Author: Vergennes, Charles Gravier, Comte de
Recipient: Adams, John
Date: 1780-03-30

Enclosure: A Draft of an Article: A Translation

Mr. Adams, whom the Congress of the United States of America has appointed to participate in the peace conferences whenever they may occur, arrived here sometime ago and has had the honor of being presented to the King and the royal family.1
1. This notice, which appeared virtually without change in the 8 April issue of Mercure de France, “Journal Politique de Bruxelles” (p. 88), was the second of two very different versions considered for publication. The first, in the form of a canceled draft, reads “Le S. Adams a été présenté au Roi le [] de ce mois. Le Congrés l'avois nommé eventuellement, Plenipotentiaire pour prendre part aux négociation de paix qui parois• { 99 } soiens devoir s'ouvir sous la mediation de Sa Majesté Catholique, et il a fixé son séjour à Paris en attendant que la circonstance le mettens en mesure de [] faire usage de se plenipouvoir” (Arch. Aff. Etr., Paris, Corr.
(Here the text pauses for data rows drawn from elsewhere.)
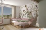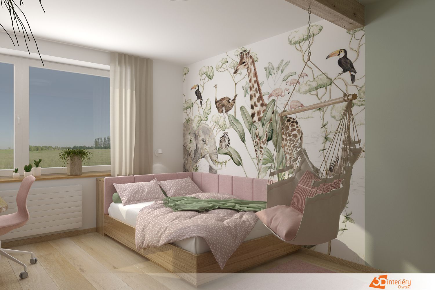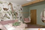 Pokoj působí vesele a útulně. Stěny hrají růžovými a zelenými odstíny, které navozují hravou atmosféru. Hned po vstupu zaujme barevná tapeta na stěně u postele. Rozprostírá se na celé ploše a zobrazuje vysokou žirafu s laskavým pohledem. Kolem ní pobíhají malí kamarádi – slon s dlouhým chobotem, usměvavý hroch i několik roztomilých ptáčků. Postel stojí přímo u této stěny, takže každý večer končí pohledem na zvířecí svět plný fantazie.
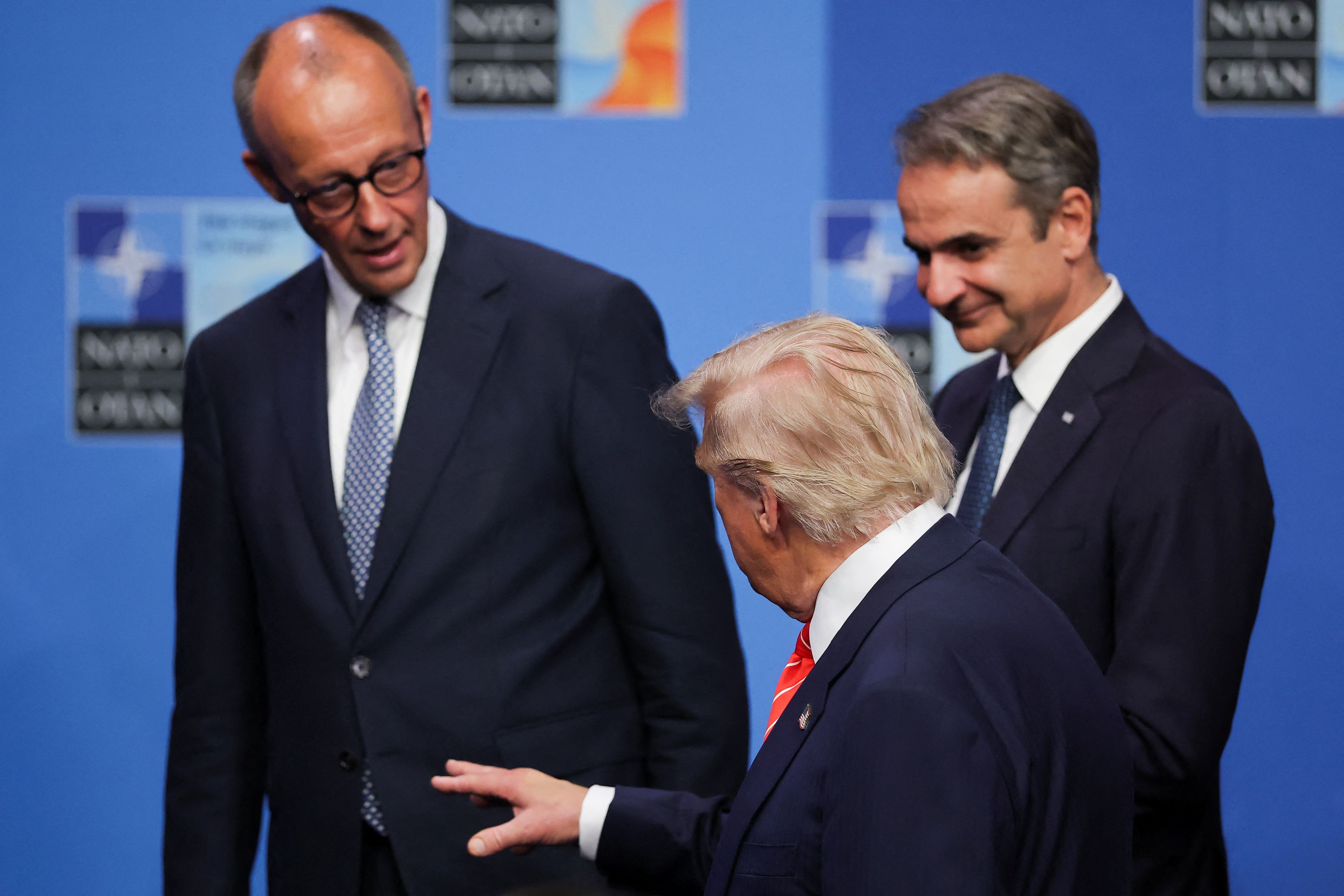 Ο Ντόναλντ Τραμπ συνομιλεί με τον Καγκελάριο της Γερμανίας Φρίντριχ Μερτς και ο Έλληνας πρωθυπουργός Κυριάκος Μητσοτάκης… πιστός ακόλουθος
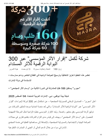 8/7/25, 9:53 AM 300 ﻲﺑظوﺑأ ﺔﺋﯾﺑ - مادﺗﺳﻣﻟا رﺛﻸﻟ ﺔﯾﻣﻗرﻟا ﺔﺑاوﺑﻟا رﺑﻋ "ﻲﺳﺳؤﻣﻟا رﺛﻷا رارﻗإ" لﻣﻛُﺗ ﺔﻛرﺷ
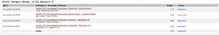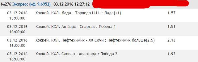 Ак Барс проиграл Сочи, тем самым прервав домашнюю серию из 11 побед. Жаль что на том матче, который я брал! Ну да ладно. Почему так сыграли!? Скорее недооценка соперника, плюс легкая победа над Торпедо внушала вкус еще одной крупной виктории. Билялинтидов обещал разобраться, но мы это посмотрим. Про барсов особа писать и нечего, все у них в порядке, и банальный провал в одной из игр.
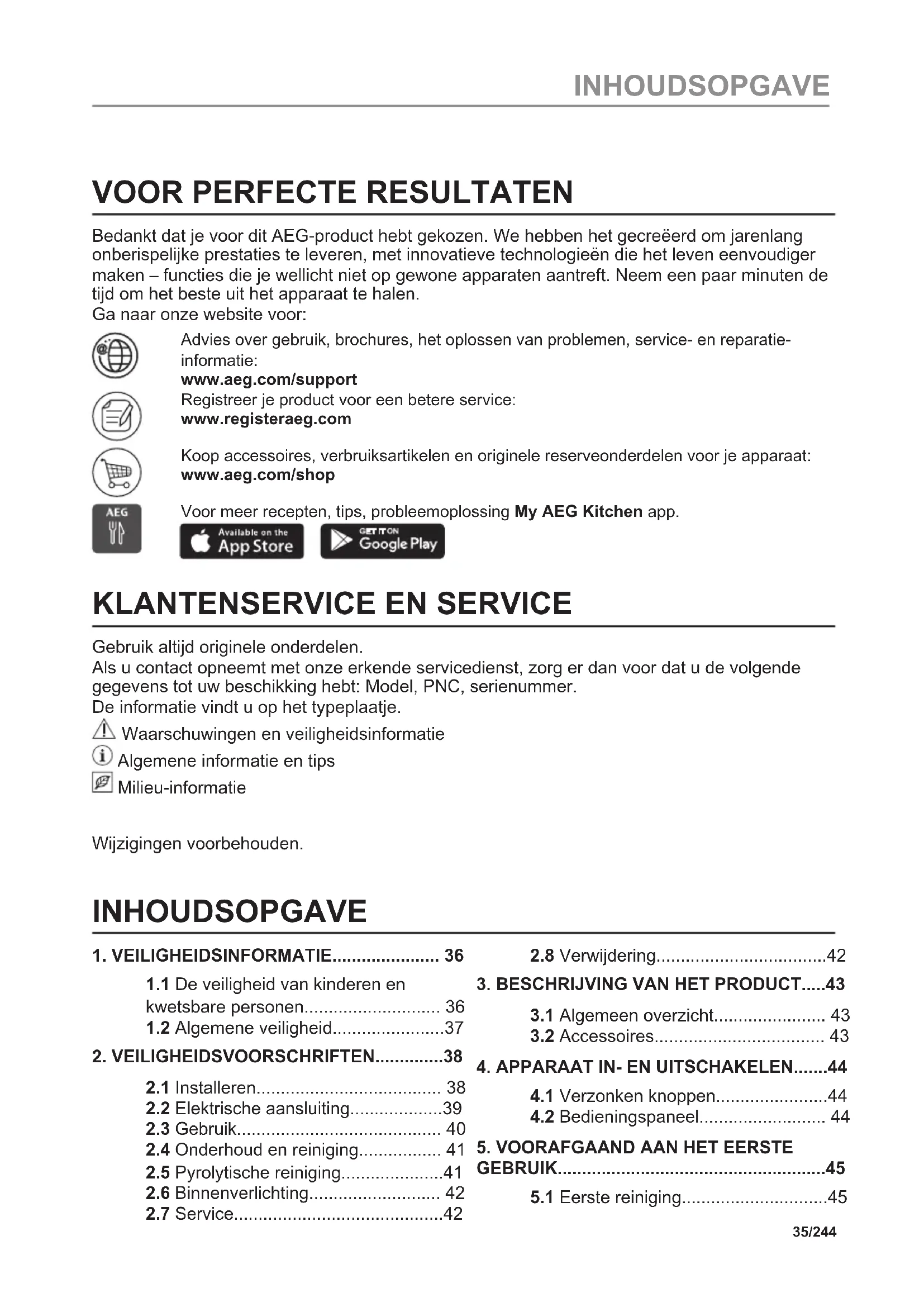 Bedankt dat je voor dit AEG-product hebt gekozen. We hebben het gecreëerd om jarenlang onberispelijke prestaties te leveren, met innovatieve technologieën die het leven eenvoudiger maken – functies die je wellicht niet op gewone apparaten aantreft. Neem een paar minuten de tijd om het beste uit het apparaat te halen. Ga naar onze website voor: Advies over gebruik, brochures, het oplossen van problemen, service- en reparatie- informatie: www.aeg.com/support Registreer je product voor een betere service: www.registeraeg.com Koop accessoires, verbruiksartikelen en originele reserveonderdelen voor je apparaat: www.aeg.com/shop Voor meer recepten, tips, probleemoplossing My AEG Kitchen app.
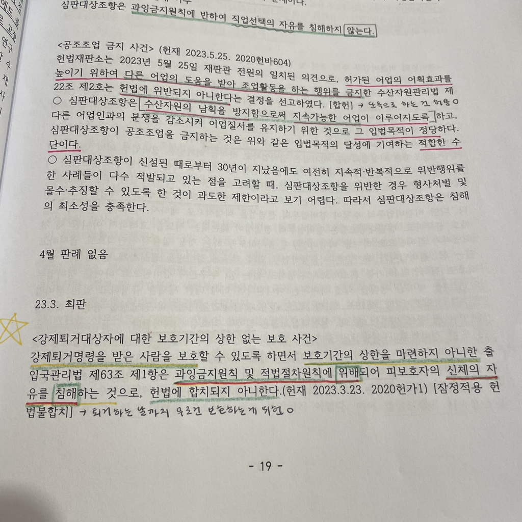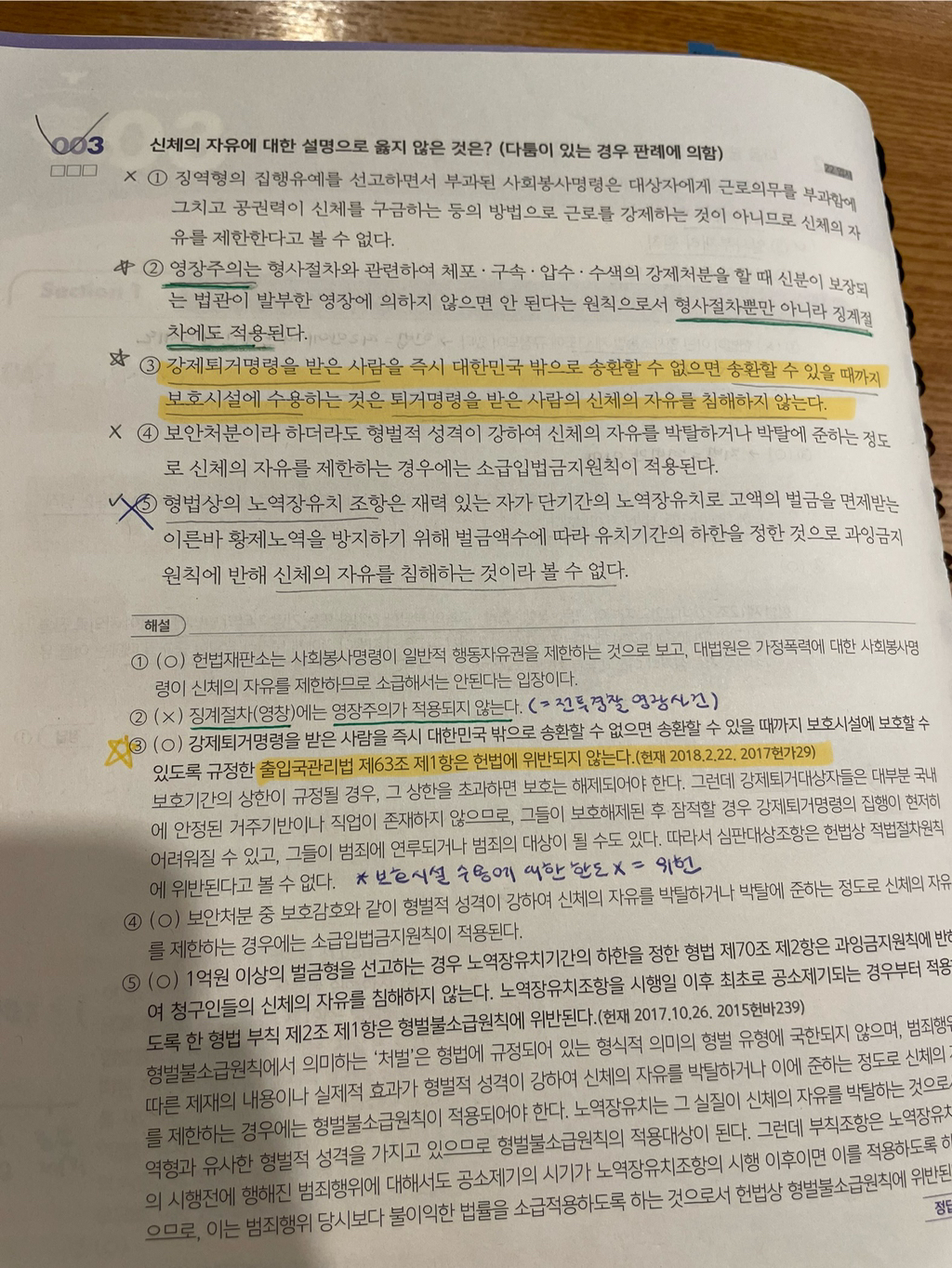 23년 3월에 나온 강제퇴거명령을 받은 사람에 대한 보호의 상한을 마련하지 않은 것(위헌)과 기출문제집 290쪽 3번 선지의 강제퇴거명령을 받은 사람을 즉시 송환할 수 없을 시 송환이 가능할 때까지 보호시설에 수용하는 건 서로 다른 판례일까요? 아니면 기출문제집에 있는 판례가 최판에 소개된 내용으로 변경된 건가요? 알려 주시면 감사하겠습니다! (별개의 판례라면 두 가지 다 암기해야 되는 걸 텐데... 그 차이가 뭔지 잘 모르겠습니다 ㅠㅠ)
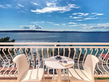 Superior dvokrevetna soba sa balkonom, pogled na more: renovirana soba, balkon, pogled na more, dva odvojena kreveta/bračni krevet, 1 dodatni krevet (80x190 cm), maks. 3 osobe, kupatilo sa tušem, hlađenje/grejanje.
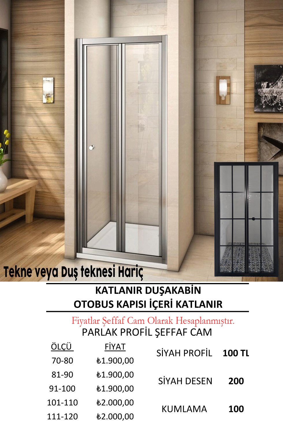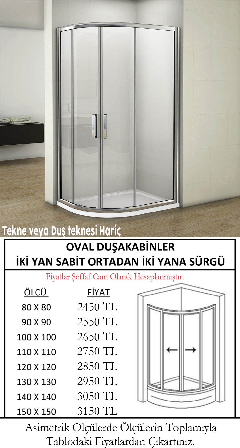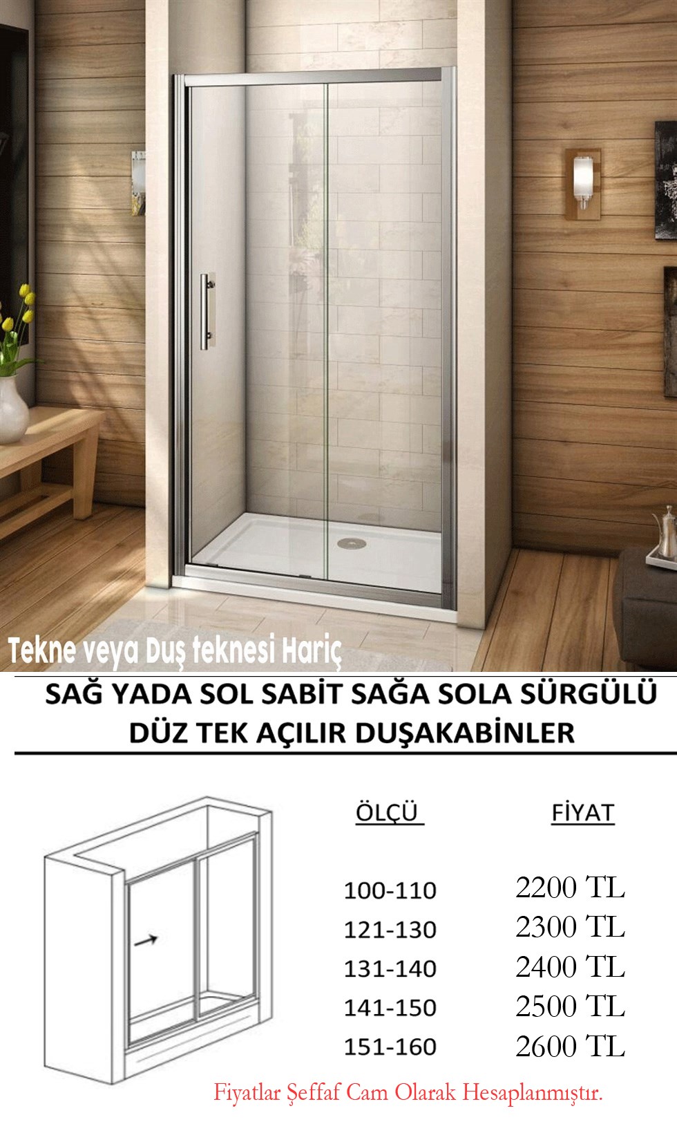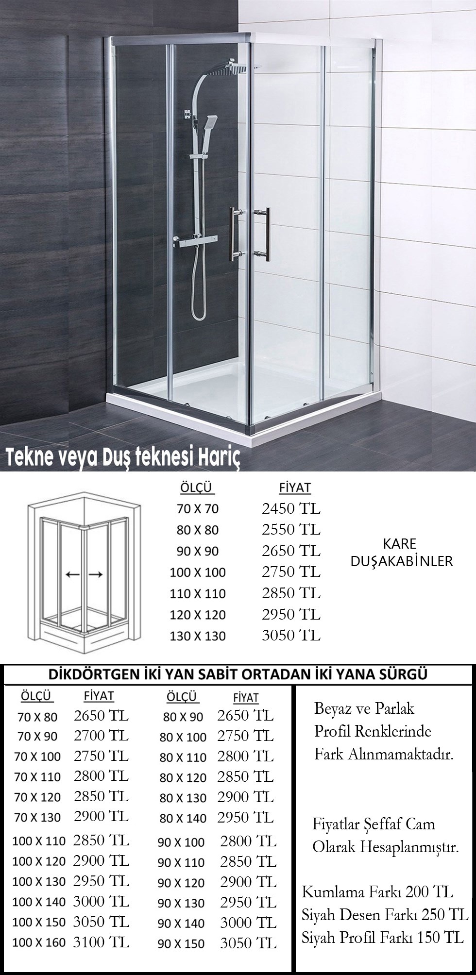 Duşakabinlerimiz Temperli 5 mm Şeffaf Cam Üzerinden Fiyatlandırılmıştır.

Pol., E.-U., vol. 11). Translation: Mr. Adams has been presented to the King the[] of this month. The Congress has named him eventual plenipotentiary to take part in the peace negotiation which will take place under the mediation of His Catholic Majesty [the King of Spain], and he has established himself at Paris in the expectation that circumstances will permit him to make use of his full powers.
The first draft is worded very curiously. JA 's powers were eventual only in the sense that they became operative when and if Great Britain agreed to negotiate a peace treaty with the United States and to recognize it as sovereign and independent in advance of negotiations. The beginning of negotiations under the mediation of the King of Spain had no bearing on JA 's powers, for they did not contemplate or permit his participation in a mediation by Spain or any other power.
By 30 March, Vergennes knew the full extent of JA 's powers. Conrad Alexandre Gérard had included JA 's instructions in a letter of 14 Aug. 1779, that Vergennes had received on 6 Nov. (Gérard, Despatches and Instructions , p. 846–850).

Docno: ADMS-06-09-02-0071

Author: Adams, John
Recipient: Vergennes, Charles Gravier, Comte de
Date: 1780-03-30

To the Comte de Vergennes

[salute] Sir

I have the honour of your Excellency's letter of this day, in answer to mine of the 21st. of this month. Untill the receipt of it, I had taken it for granted that the presentation of every Ambassador was regularly inserted in the Gazette of France; and untill very lately, several days since the date of my letter to your Excellency of the 21st. of this month, I had supposed that the presentations of Ministers Plenipotentiary were constantly inserted likewise. The information that your Excellency has given me, that the presentations neither of Ambassadors nor Ministers Plenipotentiary have ever been inserted, has perfectly satisfied me, and I doubt not will equally satisfy my Countrymen who have heretofore been under the same mistake with myself. I approve very much your Excellency's proposition of inserting my presentation, in the Mercury of France, and I shall take measures to have it repeated in the foreign gazettes.1 I have the honour to be with the most entire consideration your Excellency's most obedient and most humble Servant,
[signed] John Adams
RC in Francis Dana's hand (Arch. Aff. Etr., Paris, Corr. Pol., E.-U., vol. 11;) endorsed: “30 Mars Article a ete envoyé au Mercure.” LbC (Adams Papers;) notation by John Thaxter: “N.B. all the past Letters have been sent to Congress.” That is, all of the letters exchanged with Vergennes since JA arrived at Paris.
1. Although JA states that he is satisfied with the announcement to be inserted in the Mercure de France, his letters of 2 April to Jeremiah Allen, John Bondfield (first letter), Edmund Jenings (and note 1), and William Lee (all below) indicate that he did not believe the announcement in the Mercure to be explicit enough concerning his powers to negotiate. For the clearest indication of JA 's rejection of the Mercure piece as a guide for announcements in “foreign gazettes,” see his letter to Jenings of 2 April (and note 1, be• { 100 } low), which formed the basis for the announcements that appeared in various London newspapers during the second week of April.